Because the study focus was primary prevention, we excluded individuals if they had known coronary artery disease, cerebrovascular disease, and history of acute coronary syndrome or peripheral arterial disease. Although CVD risk reduction is vitally important in this population, the presence of existing CVD—in which CVD risk factors are treated more aggressively with medications—may introduce a confounding influence.

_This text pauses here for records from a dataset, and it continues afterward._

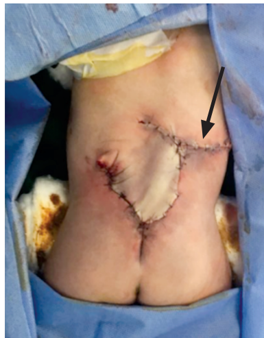
Fig. (2): The flap was dissected then rotated and sutured onto the defect with donor site closed primarily (arrow).
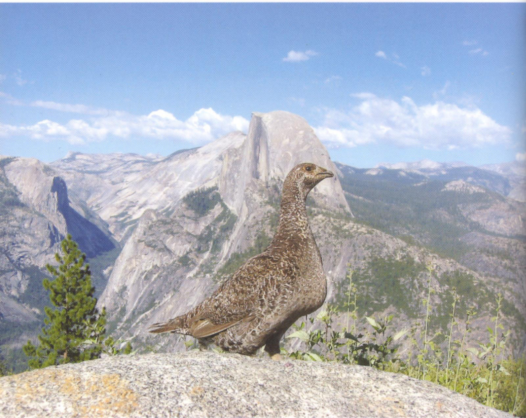
"Featured Photo" by © Floyd E. Hayes of Angwin, California: Sooty Grouse ( Dendragapus fuliginosus ), Glacier Point, Yosemite National Park, Mariposa County, California, 6 August 2006.
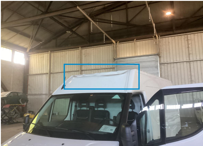
1. Roof Bodywork / Dent / Deformation -
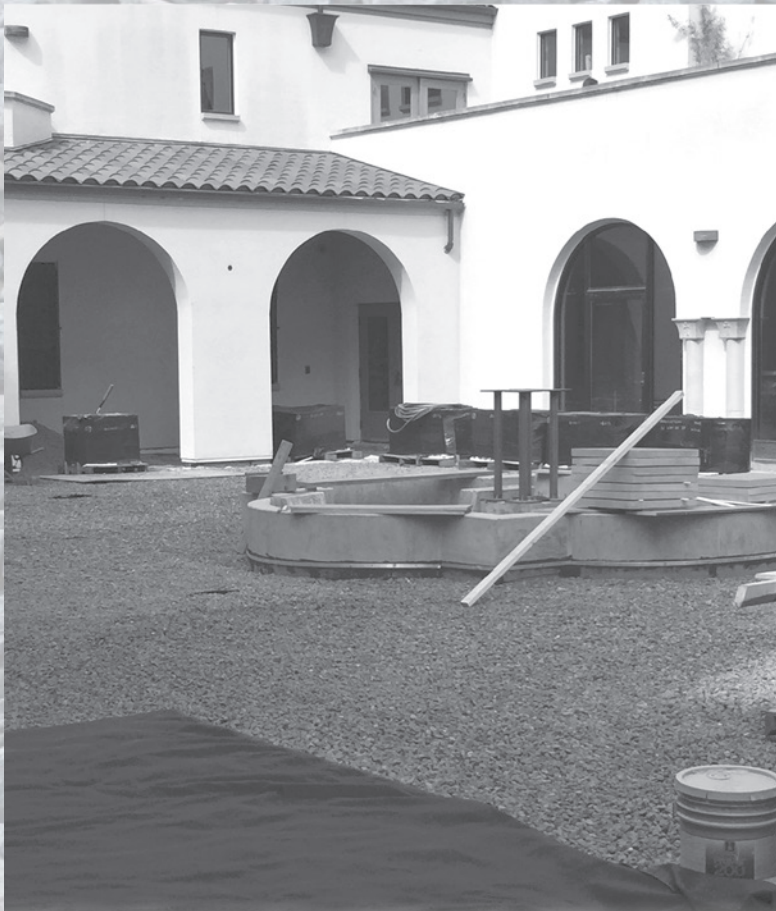
The laying of the courtyard pavers has begun. Several inches of crushed rock is being laid over the waterproofing membrane and under the pavers, to facilitate drainage. The last outdoor item which will be tended to is the Courtyard fountain.

See the photos that follow. They depict the laying of the pavers throughout the property, as well as the planter and other walls along Valencia Street. It seems, now, that construction is continuing at a fast pace.
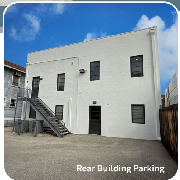
Rear Building Parking
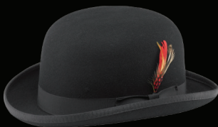
5007 Classic Derby
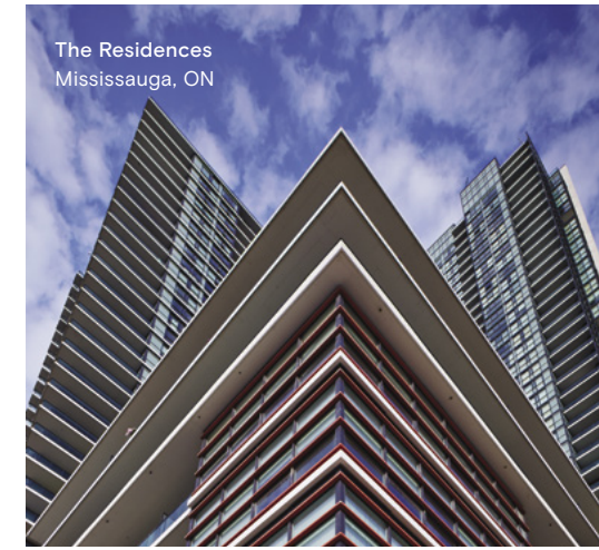
The Residences Mississauga, ON
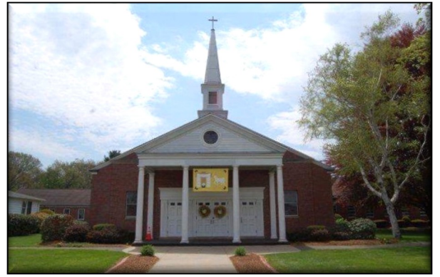
ST. BERNARD CHURCH

Love the Lord your God with all your heart & with all your soul & with all your strength & with all your mind; & Love your neighbor as yourself. Luke 10:27
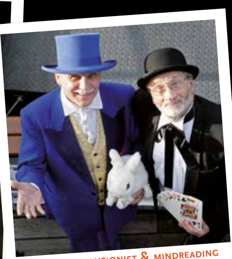
TABLE MAGIC, ILLUSIONIST & MINDREADING
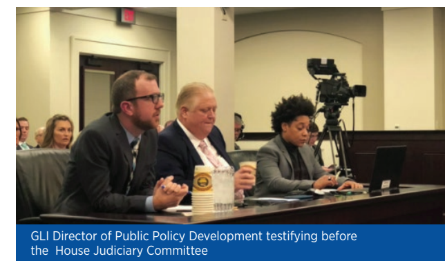
GLI Director of Public Policy Development testifying before the House Judiciary Committee
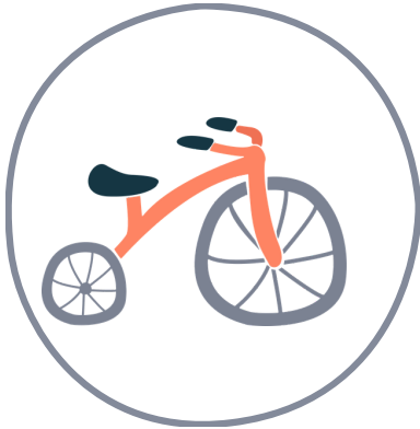
Ride a bicycle

Do an outdoor activity and check off what you have done!
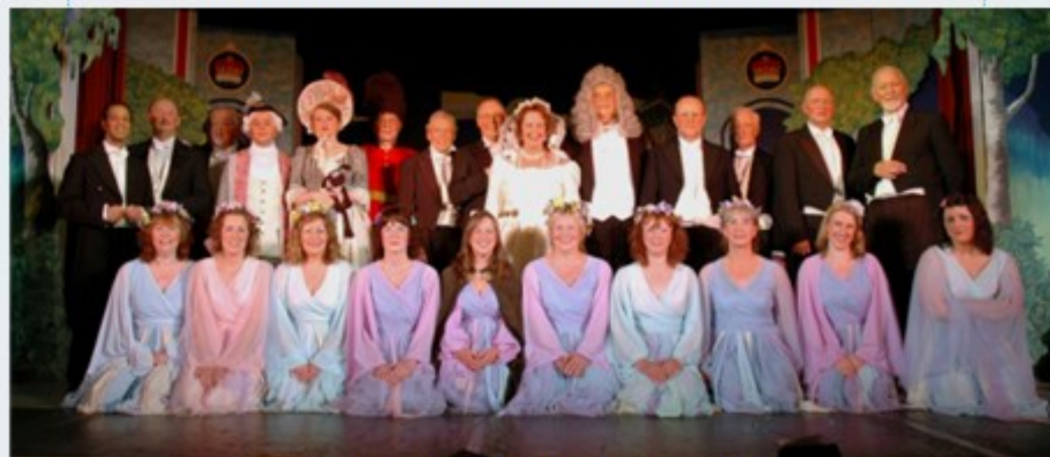
Our last production of Iolanthe was in 2011.
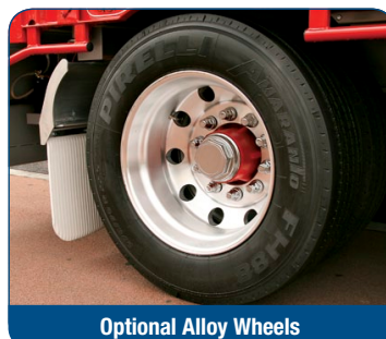
Optional Alloy Wheels

We also excluded individuals for any of the following reasons: (1) taking medications (eg, protease inhibitors) that interfere with lipid metabolism; (2) cognitive impairment that precludes understanding the consent process, answering questionnaires, or participating in the intervention; (3) chronic drug abuse; (4) end-stage renal, liver, or pulmonary disease; (5) current active cancer (ie, undergoing active treatment for cancer) other than isolated skin cancer treatable by simple excision; and (6) gastrointestinal disease that requires special diets (eg, Crohn's disease, celiac disease). Once potential participants were recruited, community health workers obtained signed, informed consent. Once consent was obtained, participants completed the baseline study instruments (with the assistance, if needed, of the community health workers) and had physical assessments performed. After baseline data collection, participants were randomized to either HeartHealth or usual care. Community health workers arranged either the next data collection date—for those in the usual care group—or the intervention dates—for those randomized to HeartHealth. Data collected at baseline were repeated at the 4-month and 1-year time points.

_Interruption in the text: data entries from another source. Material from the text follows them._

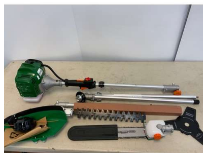
96. M - HAWKS MOORE TOOL STATION - PETROL MULTI TOOL, 33cc STRIMMER / HEDGE CUTTER MODEL 62625(DGJ330H) RRP £231.98
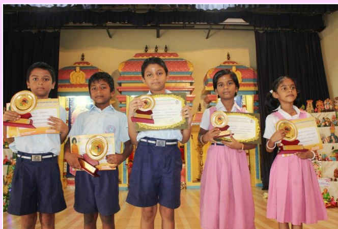
PARTICIPANTS OF THE DISTRICT LEVEL BALVIKAS TALENT SEARCH
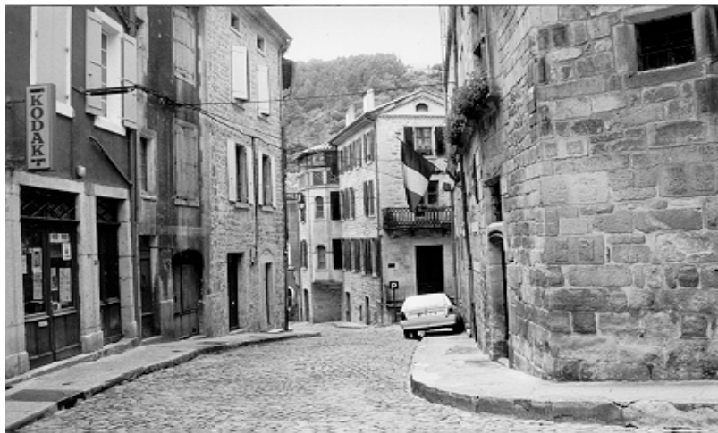
Largentiere, France: Car-rejecting old city/new neighbourhood

...it is better if the roads [in towns] are not straight, but meander gently - an ever-changing vista at every step, a view of the street for every house... (Alberti)
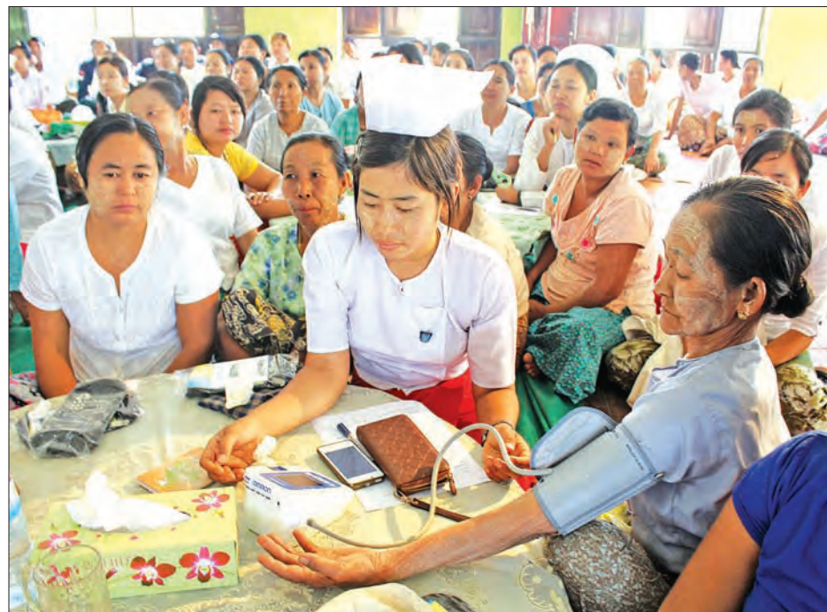
A nurse checks blood pressure of a patient at a rural clinic in Nay Pyi Taw.
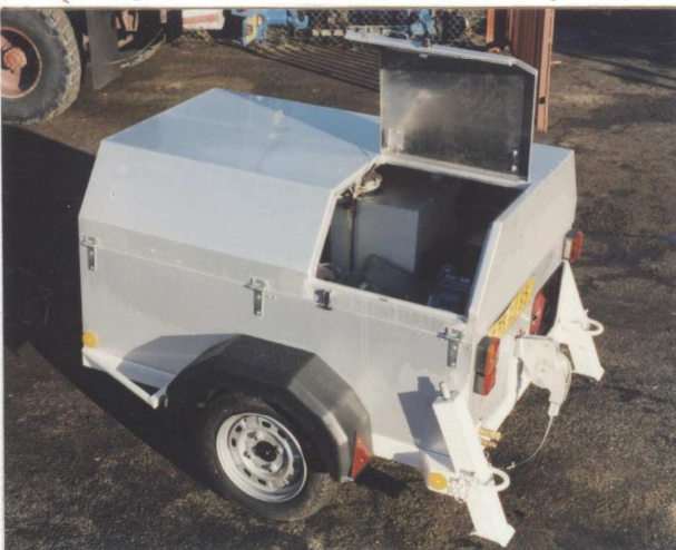
PROTECTION IN WORKING POSITION
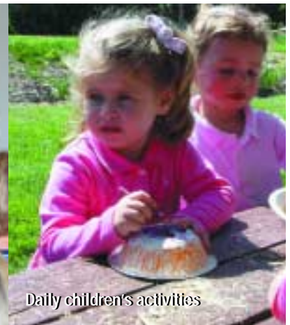
Daily children's activities
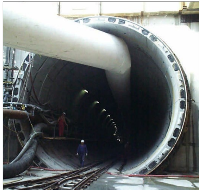
Application in tunneling
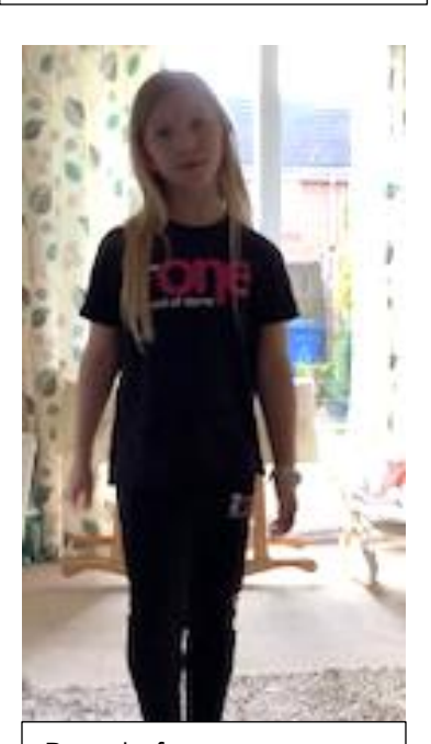
Ready for some dancing!
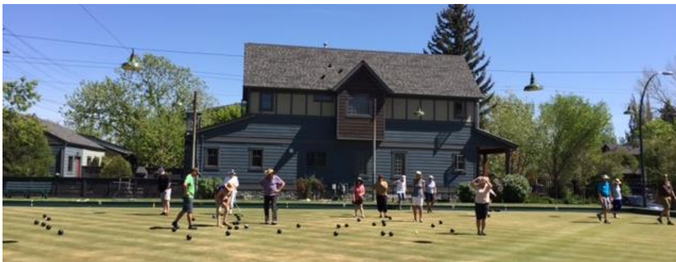
Bow Valley Club pictured above – one of the fastest growing community clubs in 2017.

To grow our sport, the member clubs need to be vibrant and highly visible in their communities. We need to offer them support in meeting the biggest challenges they struggle with. Our association must aim to facilitate increased collaboration among the clubs to ensure they share best practices, support each other in hosting events, and meet their needs of increasing membership. A representative from each member club on the newly formed Marketing & Membership Committee will create an avenue for creating awareness of our sport and increased participation in bowls not only in the neighborhoods of the clubs but across the province.
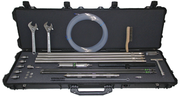
Case with Piezometer Parts & Extensions

With at least 135 patients per group and an α level of .05, the power of the analysis of variance F test (a component of the mixed model, with tests for the fixed effects of time, group, and time by group) to detect a medium effect is at least 95% for each of the 2 main effects (ie, group and time) and the interaction effect (group × time). A medium effect is defined as one in which the ratio of the SD of the group means to the SD of the observations within the populations is at least 0.25.45 Even if the ratio is as small as 0.15, the power of the F test is at least 80% to detect significant main effects for group and time or the interaction of group × time.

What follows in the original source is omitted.